EXERCISE DATA below:
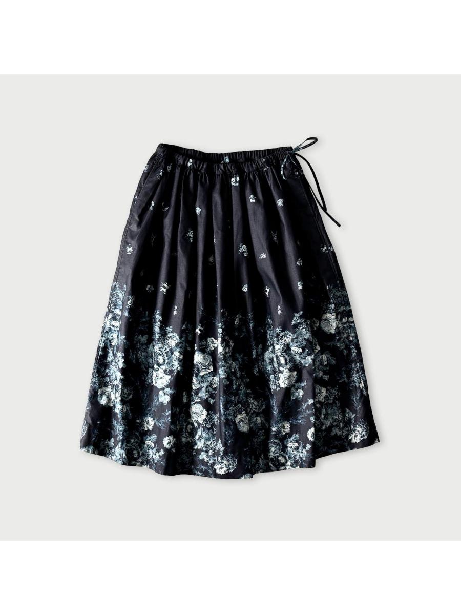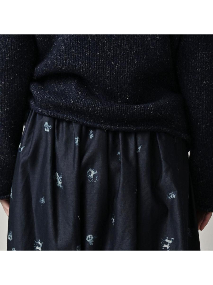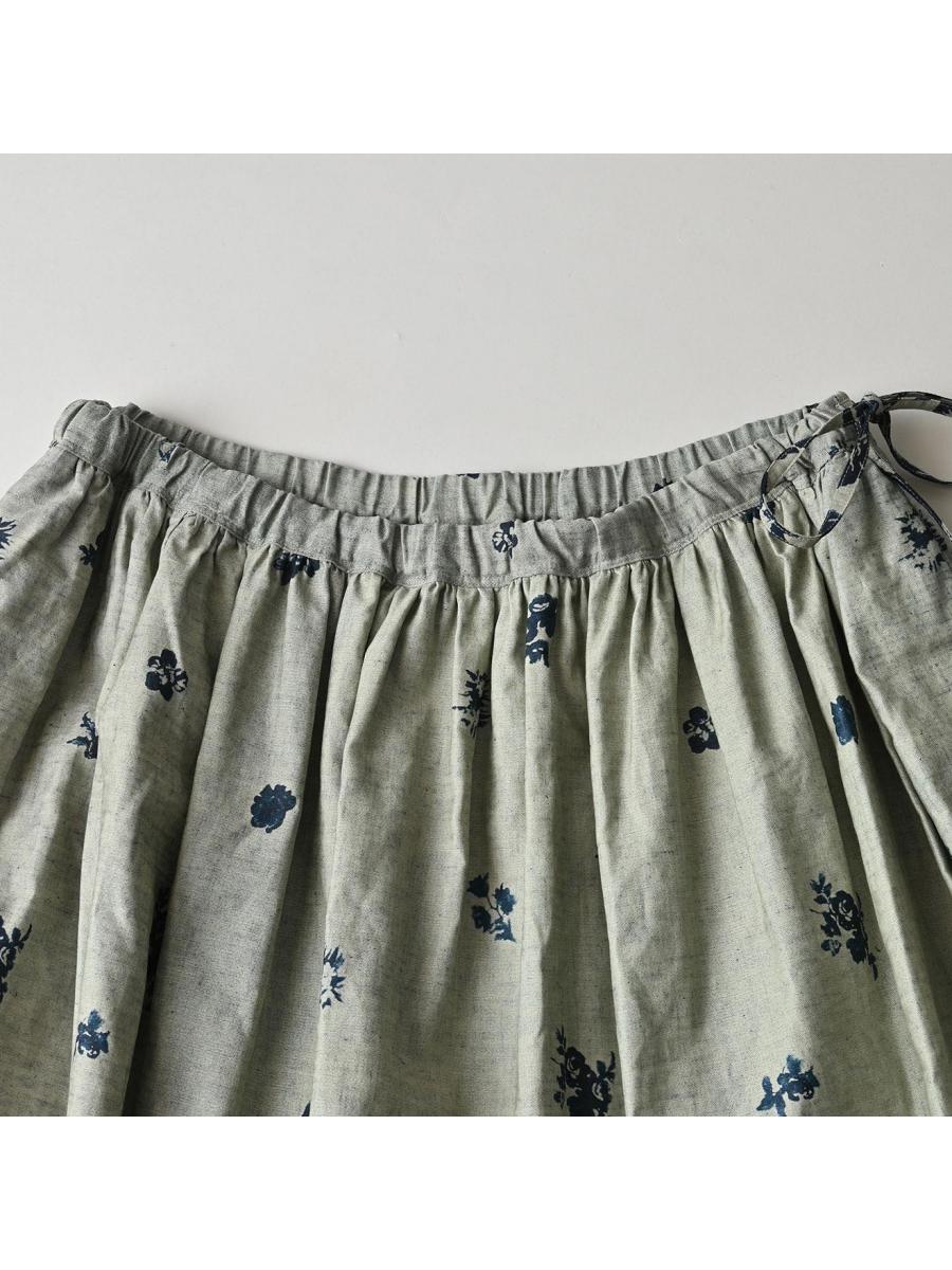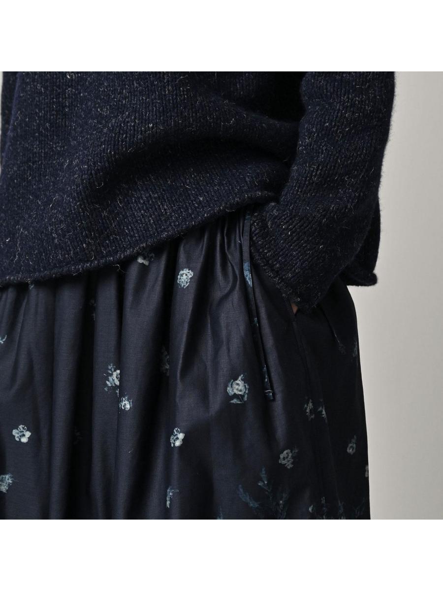 インディゴ抜染ローズプリントのイージーギャザースカート
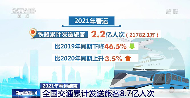 2021年春运结束 全国交通累计发送旅客8.7亿人次
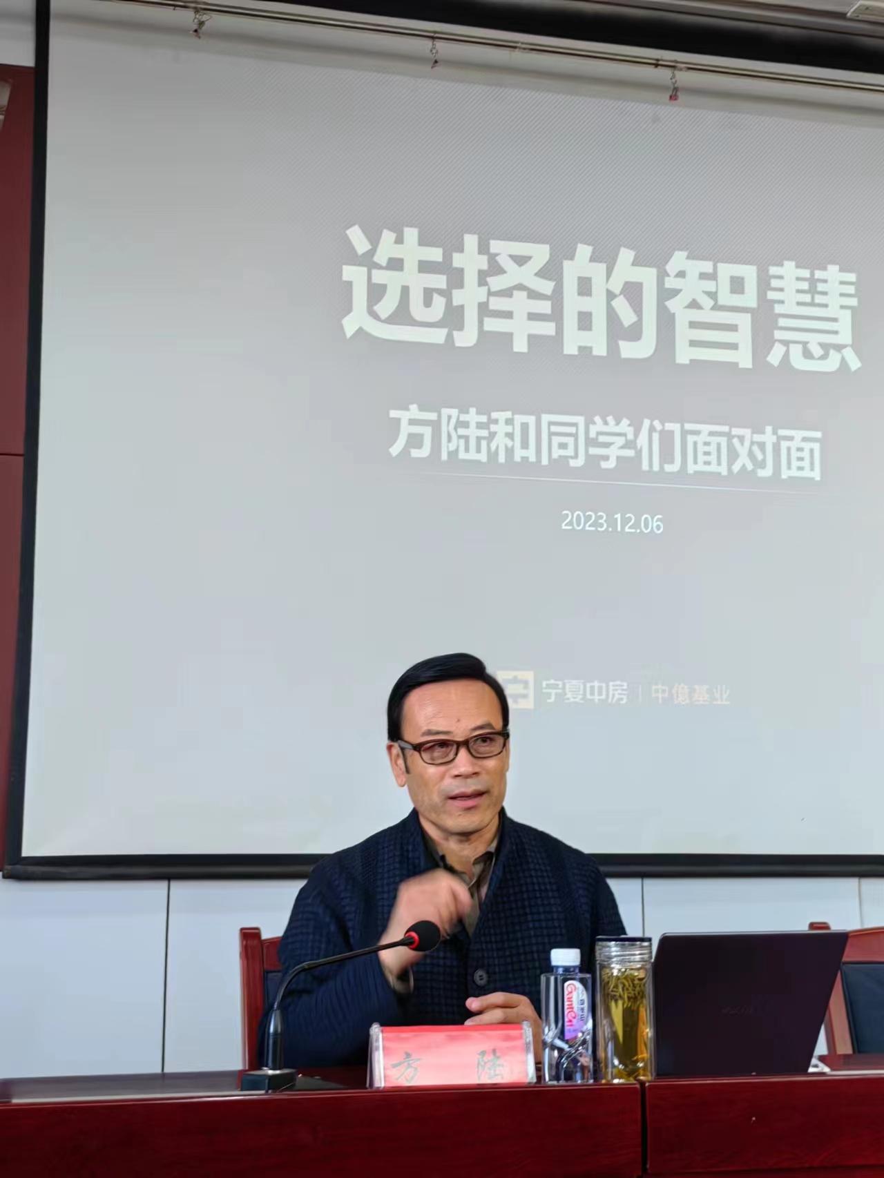 中文系81级校友、著名企业家方陆从自己攀登珠峰、参加马拉松、三考中举、做企业的快与慢等方面,为现场的大学生做了精彩讲座,并回答了学子们关于人生选择和创业方面的提问。活动现场,方陆还分享了自己的新著《知微见陆》,并为大家赠书。
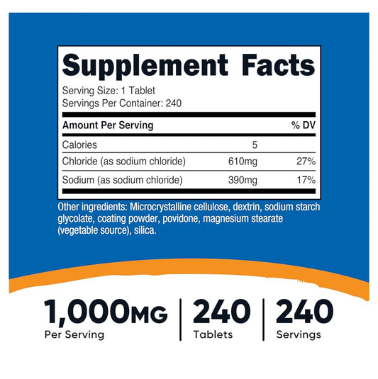 Nutricost Sodium Chloride 1000mg | Salt Tablets | Assists in Maintaining Optimal Hydration by Supporting Balanced Electrolyte Levels | 240 Tablets; Exp 12/2027
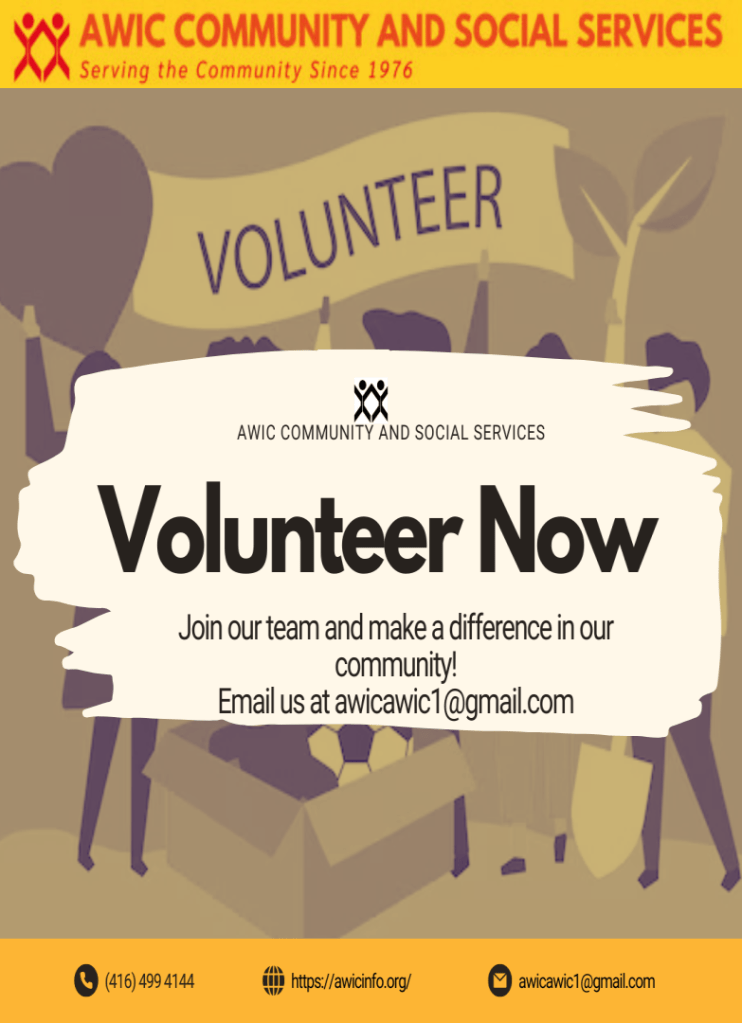 Join AWIC: Be a Volunteer, Member, Board Member or donate – Together, Building stronger communities. Please contact us by email at awicawic1@gmail.com or call us (416) 499 4144 for any inquiry.
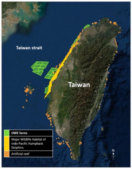 The OWE policy is administered by the BOE, an agency of the MOEA. The primary mission of the MOEA is to grow the economy, so OWE policy administrators, offshore wind energy operators, and users are likely to favor an anthropocentric viewpoint with regard to marine resource use. Taiwan’s western maritime region has excellent wind conditions; thus, several maritime sites in this region have been designated for wind farms. However, the designated maritime sites for wind farm construction and windmill ship operations overlap greatly with breeding grounds and they are also a major wildlife habitat for the Indo-Pacific humpback dolphin, as shown in Figure 4 [71]. In fact, the Indo-Pacific humpback dolphin is an endangered species [72]. The sightings of this dolphin in 2020 were less than 60 [73].
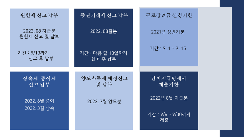 오늘은 간단하게 9월 세무 일정에 대해 알아보았는데요
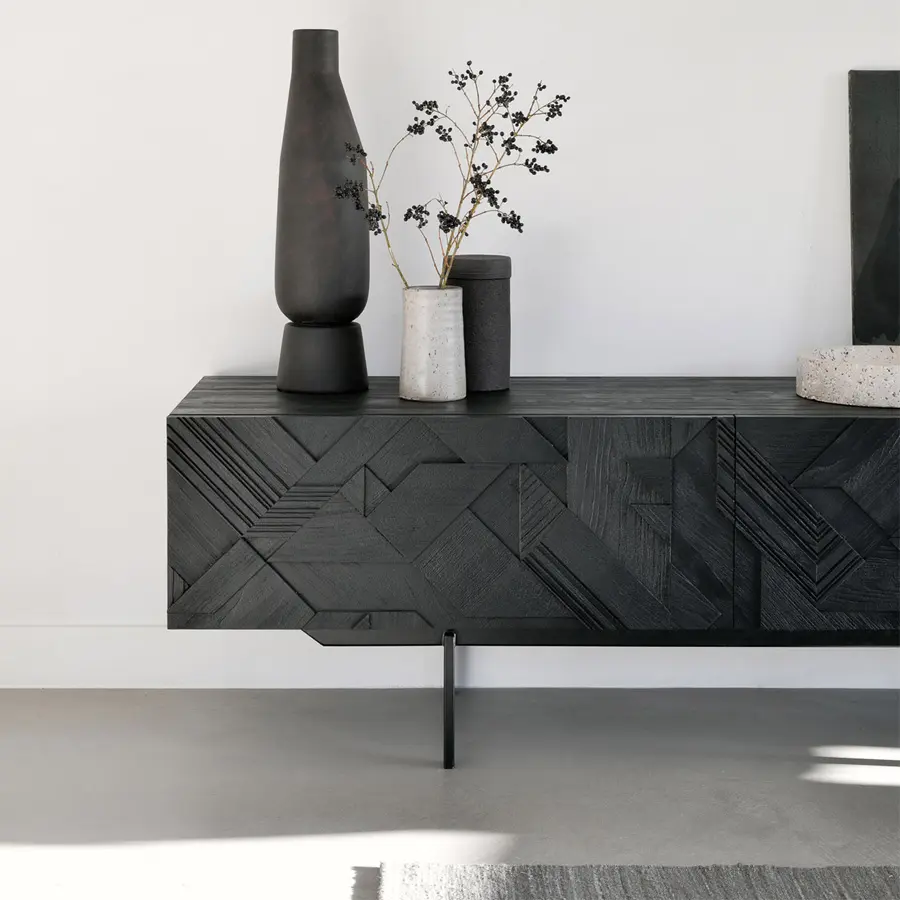 En su búsqueda para agregar movimiento a la superficie, el diseñador Alain van Havre comenzó a superponer y combinar formas triangulares. Antes de darse cuenta, había creado una composición visualmente atractiva de teca y nació la colección Graphic. Mediante el uso de múltiples capas, se crea una sensación de profundidad y dinamismo en los frentes. Se agregan movimiento y calidez al perfeccionar aún más los atributos naturales de la madera.
End of EXERCISE DATA.
WORK ORDER
Please copy out the entries above exactly as they appear, but skip their images.

SOLVED PROBLEM
 インディゴ抜染ローズプリントのイージーギャザースカート
 2021年春运结束 全国交通累计发送旅客8.7亿人次
 中文系81级校友、著名企业家方陆从自己攀登珠峰、参加马拉松、三考中举、做企业的快与慢等方面,为现场的大学生做了精彩讲座,并回答了学子们关于人生选择和创业方面的提问。活动现场,方陆还分享了自己的新著《知微见陆》,并为大家赠书。
 Nutricost Sodium Chloride 1000mg | Salt Tablets | Assists in Maintaining Optimal Hydration by Supporting Balanced Electrolyte Levels | 240 Tablets; Exp 12/2027
 Join AWIC: Be a Volunteer, Member, Board Member or donate – Together, Building stronger communities. Please contact us by email at awicawic1@gmail.com or call us (416) 499 4144 for any inquiry.
 The OWE policy is administered by the BOE, an agency of the MOEA. The primary mission of the MOEA is to grow the economy, so OWE policy administrators, offshore wind energy operators, and users are likely to favor an anthropocentric viewpoint with regard to marine resource use. Taiwan’s western maritime region has excellent wind conditions; thus, several maritime sites in this region have been designated for wind farms. However, the designated maritime sites for wind farm construction and windmill ship operations overlap greatly with breeding grounds and they are also a major wildlife habitat for the Indo-Pacific humpback dolphin, as shown in Figure 4 [71]. In fact, the Indo-Pacific humpback dolphin is an endangered species [72]. The sightings of this dolphin in 2020 were less than 60 [73].
 오늘은 간단하게 9월 세무 일정에 대해 알아보았는데요
 En su búsqueda para agregar movimiento a la superficie, el diseñador Alain van Havre comenzó a superponer y combinar formas triangulares. Antes de darse cuenta, había creado una composición visualmente atractiva de teca y nació la colección Graphic. Mediante el uso de múltiples capas, se crea una sensación de profundidad y dinamismo en los frentes. Se agregan movimiento y calidez al perfeccionar aún más los atributos naturales de la madera.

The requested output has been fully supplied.